Pearl Bio yesterday announced that it has entered a collaboration with Merck, known as MSD outside of the United States and Canada, to discover biologic therapies comprising non-standard amino acids for drug discovery. Such synthetic biology efforts are increasing, as it’s believed that expanding the genetic code could provide new tools for the field of drug discovery.
“By encoding diverse synthetic chemistries into proteins, Pearl is able to tune half-life, target delivery to diseased cells, and attach cytotoxic payloads to tailor valuable therapeutic properties, overcoming key barriers preventing market approval,” explained Pearl Co-Founder Amy Cayne Schwartz, in a June 2023 release announcing patents.
That release also said: “Pearl’s technology preserves the natural protein activity while endowing valuable therapeutic properties to address defining challenges in biologic drug development—toxicity, stability, and targeted delivery—fast-tracking the path to market.”
Pearl exited stealth mode last year revealing investment from Khosla Ventures and a patent for encoding synthetic chemistries to engineer programmable biologics.

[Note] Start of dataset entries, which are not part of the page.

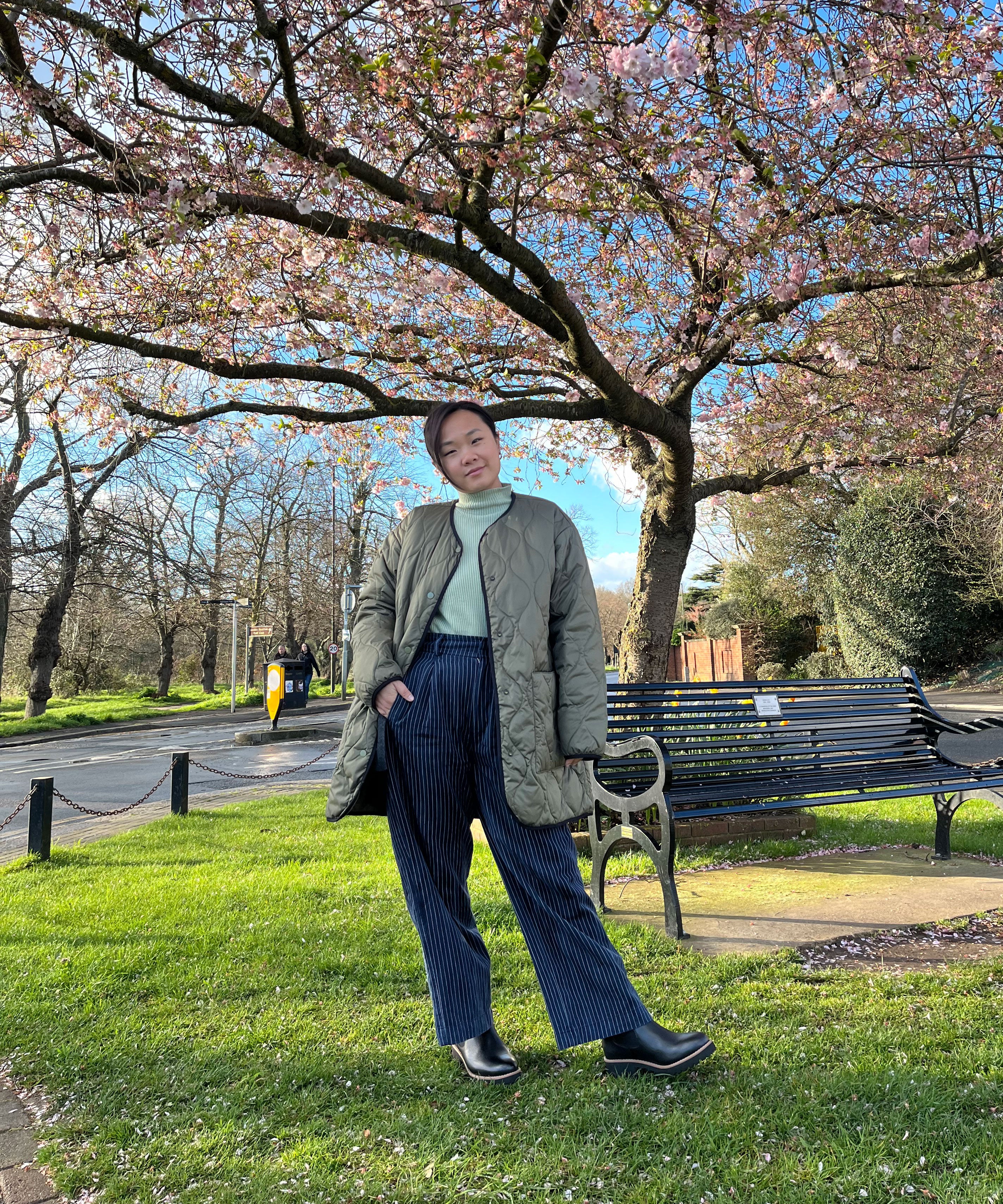 “I already have a pair of these in the blue colourway (now sold out) and instantly they became a go-to piece in my wardrobe — especially during this odd, in-between early spring season we’re currently in (odd warm days interspersed with storms and showers). And so, I decided to add to my collection with this beautiful, pastel lilac/yellow combination. These trousers are made with a sturdy enough cotton material to stave off any chill, but are light enough for those rare sunny moments; loose and comfy for curling up with a book and cup of tea in the garden, but also stylish enough if last-minute pub plans are made. I’m wearing mine with a chunky knit and pair of Birkenstock Bostons for a cool Scandi girl vibe.” — Esther Newman, Affiliate Writer & Content Producer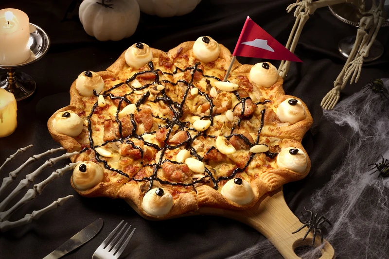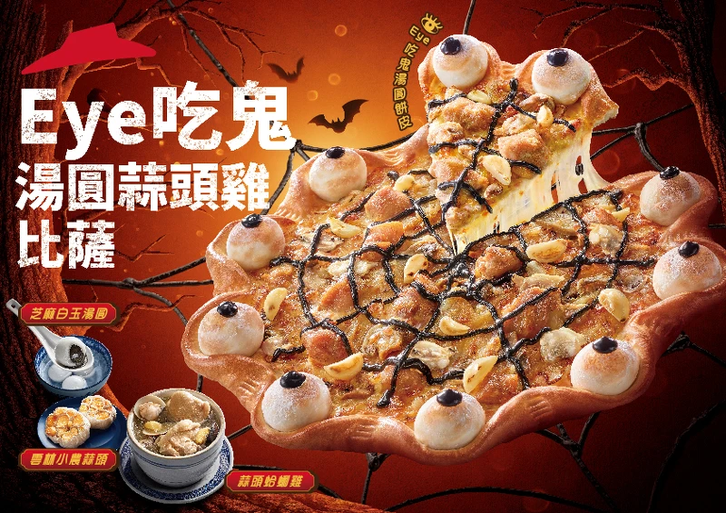 迎接月底的萬聖節,必勝客也出招啦!全新推出「Eye吃鬼湯圓蒜頭雞比薩」新口味,外型更打造驚悚路線!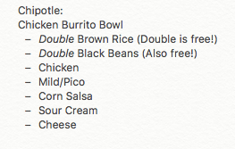 I’m not a huge breakfast person since I can’t eat when I first wake up, so I usually eat a late breakfast/lunch, usually a bagel, around 11:30-noon. Since I wouldn’t have class until mid-morning, this would be good timing for my body of when to eat. I then started to add in a snack 2-3 hours later, which would hold me over until the end of classes when I could eat a meal again. I eat A LOT of Chipotle, so that’s honestly probably how I got a majority of my protein during this time. (Chipotle order pictured below 🙂 ). I googled some healthy recipes and decided to give a few of them a shot (Chicken and Mango Bowls pictured above).
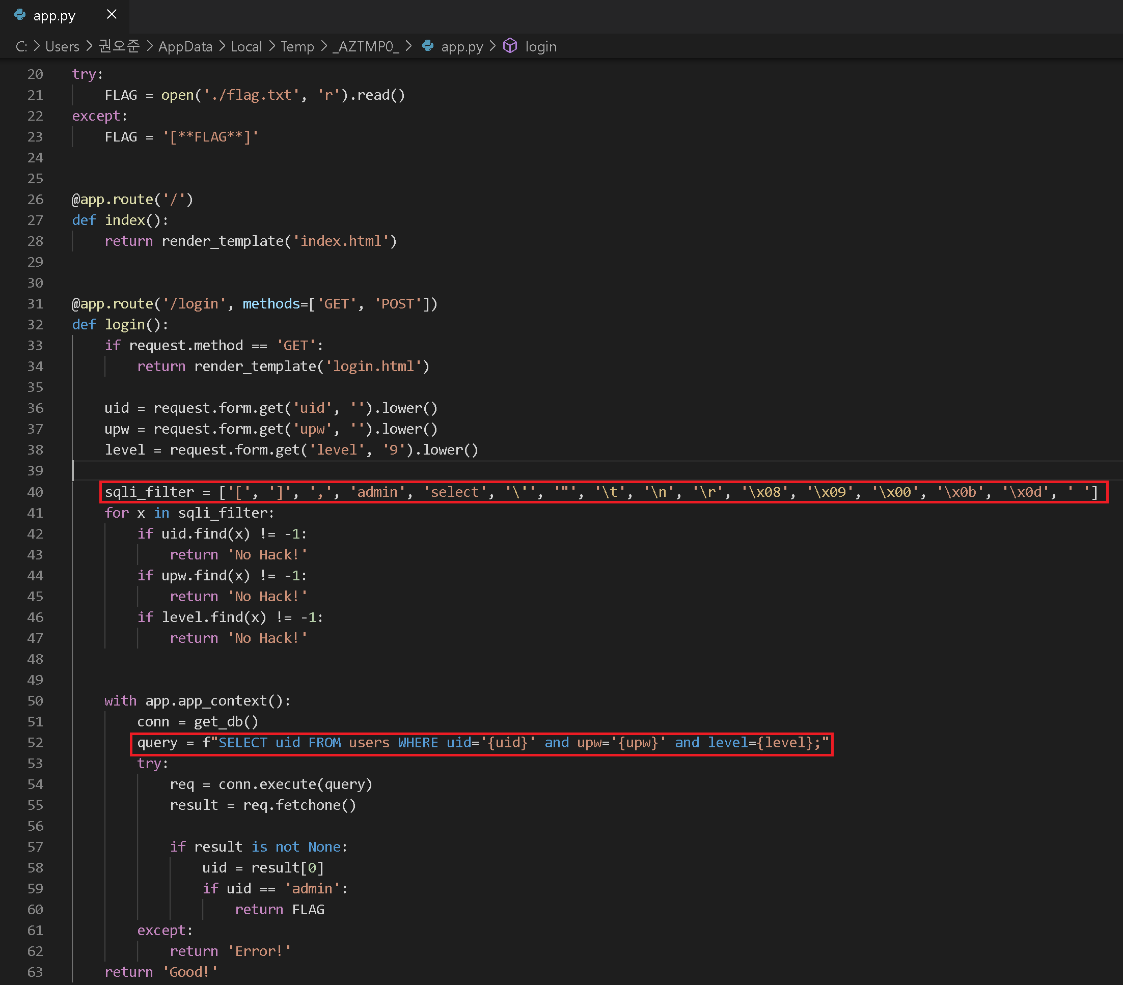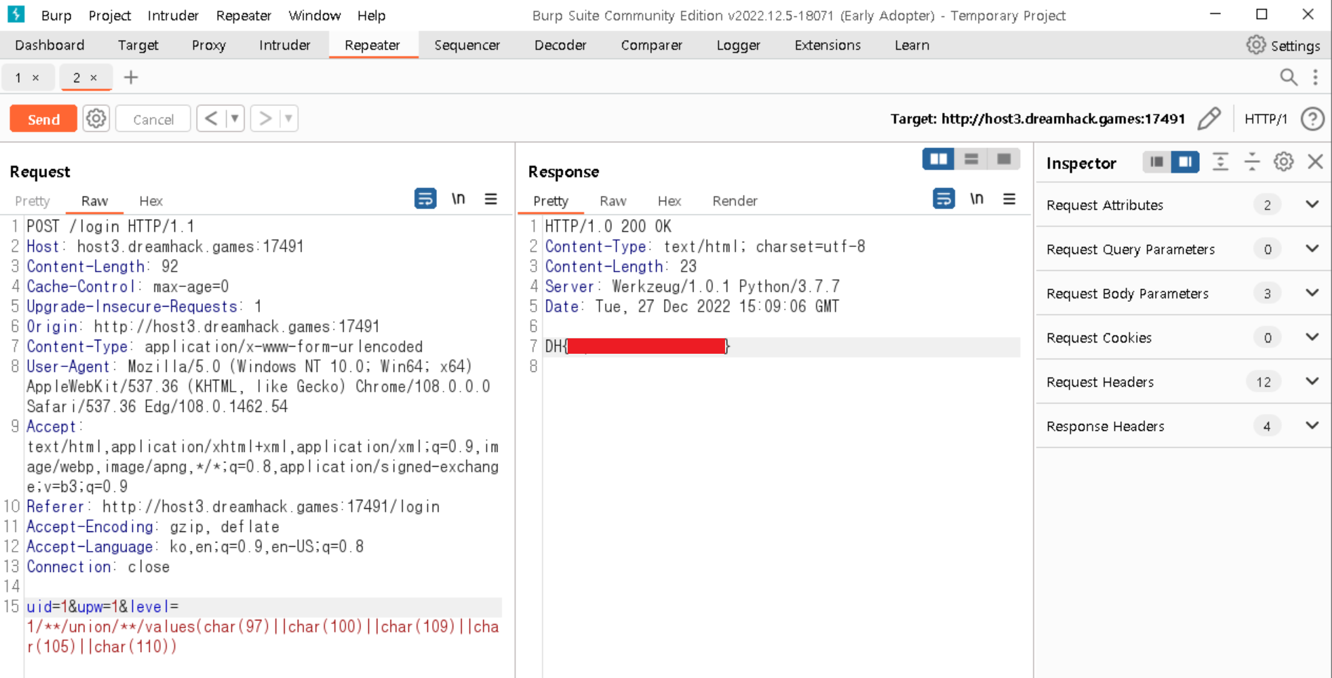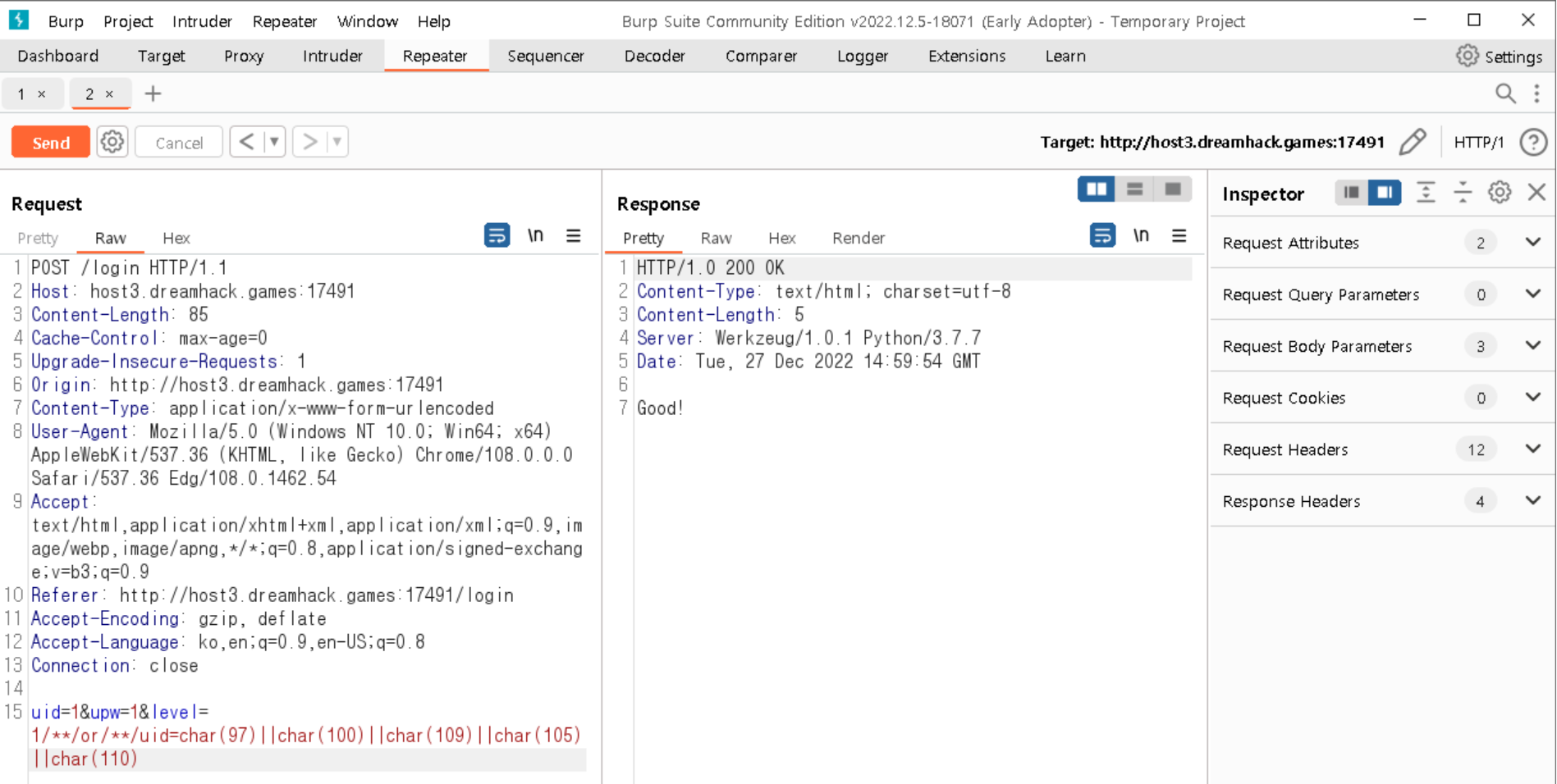 | 시도한 쿼리 | SELECT uid FROM users WHERE uid='char(97)||char(100)||char(109)||char(105)||char(110)||char(39)--' and upw='{upw}' and level={level}; |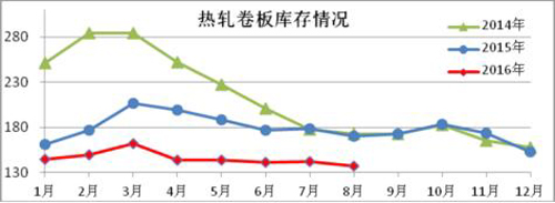 本月热轧卷板库存增加的地区有10个,其中增加较多的地区有天津,库存增加3.5万吨,其中钢材市场增加1.5万吨,港口增加2.0万吨;北京库存增加0.3万吨,沈阳0.1万吨,济南0.12万吨,郑州0.1万吨,武汉1.2万吨,长沙0.2万吨,西安0.7万吨;库存减少的地区有6个,其中减少较多的地区有上海,库存减少2.1万吨,其中钢材市场减少2.0万吨,港口减少0.1万吨;广州库存减少8.5万吨,其中钢材市场库存减少5.7万吨,港口减少2.8万吨;南昌库存减少0.4万吨,成都0.5万吨,重庆0.2万吨。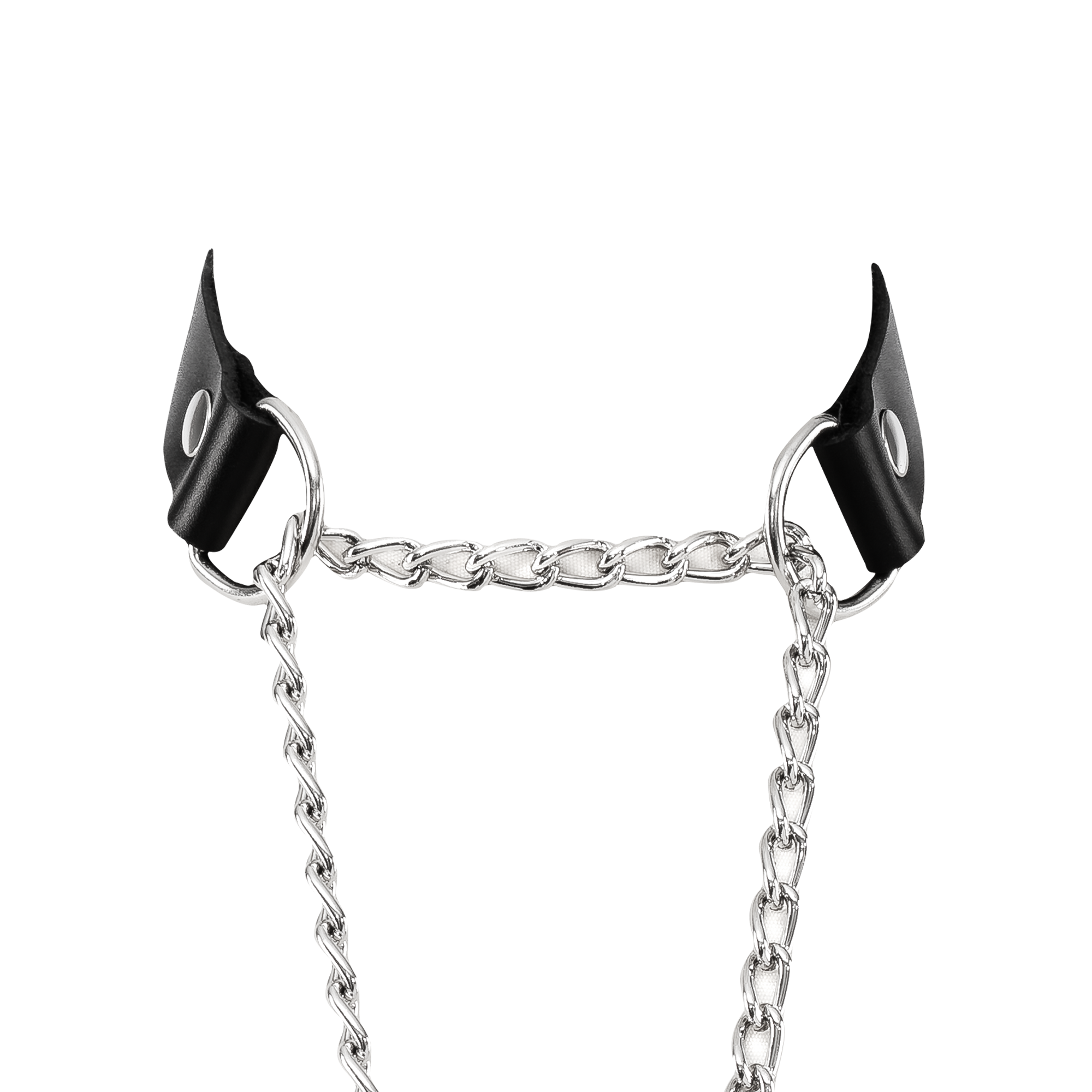 Este collar está hecho a mano con cuero genuino de silla de montar e incluye una cadena de metal.

The company’s scientific co-founders are Farren Isaacs, PhD and Michael Jewett, PhD. George Church, PhD, is an advisor.
The company’s technology base is outlined in a 2013 Science paper, in which Isaacs and Church are co-authors. They and their colleagues describe the construction and characterization of a GRO in which they replaced all known UAG stop codons. The organism was Escherichia coli MG1655, and they replaced all synonymous UAA codons, which permitted the deletion of release factor 1 and reassignment of UAG translation function.
They write “This GRO exhibited improved properties for incorporation of nonstandard amino acids that expand the chemical diversity of proteins in vivo. The GRO also exhibited increased resistance to T7 bacteriophage, demonstrating that new genetic codes could enable increased viral resistance.”
The Merck/Pearl collaboration will initially focus on discovery and development of biologic therapies for the treatment of cancer leveraging Pearl’s GRO technology, which, in its release the company says offers “unique ability to work in both cell-based and cell-free systems and proprietary tethered ribosomes to encode synthetic monomers and target previously inaccessible epitopes.”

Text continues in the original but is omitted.